Halophilic bacterias from saline soil from former Lake Texcoco were isolated, identified based on 16 rRNA and tested to produce glucolytic, nucleolytic, proteolytic and lipolytic exoenzymes. The Bacillus , Virgibacillus , Kocuria , Salinicoccus , Gracilibacillus , Halobacillus , Tenuibacillus and Nesterekonia genera where identified.
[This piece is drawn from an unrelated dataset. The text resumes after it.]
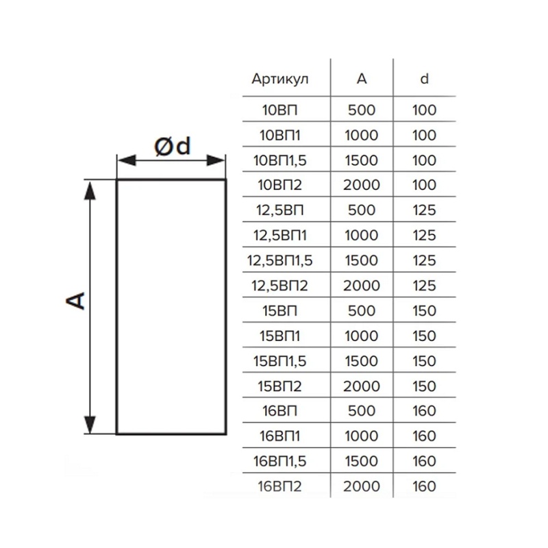 Канал (воздуховод) круглый Era 15ВП2, d=150 мм (2 м), пластик

Lipase/eserases and proteases from Nesterenkonia sp. and Nesterenkonia aethiopica showed halotolerant characteristics and were selected to synthesize the oleochemical n -butyl oleate and antioxidant peptides from muscle protein of common carp ( Cyprinus carpio ), respectively. In organic media (2,2,4-Trimethylpentane), the lipase/esterases from Nesterenkonia sp. (0.6 U/mL) and N . aethiopica (1.2 U/mL) achieved a 62.7% and 53.2% of n -butyl oleate conversion, respectively. The protein hydrolysis from muscle of common carp ( C . carpio ) showed a degree of hydrolysis of 4.5 ± 0.2% and 2.8 ± 0.1% when proteases from Nesterenkonia sp. and N . aethiopica were used, respectively. Three peptidic fractions ranging molecular masses between 254 and 1002 Da [M + H] show antioxidant scavenging activity, and the principal fraction with a peptide of 547.3 Da [M + H] showed an inhibition of 37.7 ± 1.8% and 16.3 ± 0.6%, when 2,2-diphenyl-1-picrylhydrazyl and 2,2′-azino-bis(3-ethylbenzothiazoline-6-sulfonic acid) were used, respectively. These findings showed that the enzymatic battery of the halophilic bacteria from former lake Texcoco can be used in hydrolysis and synthesis of molecules with applications in different fields as food technology or bioenergy.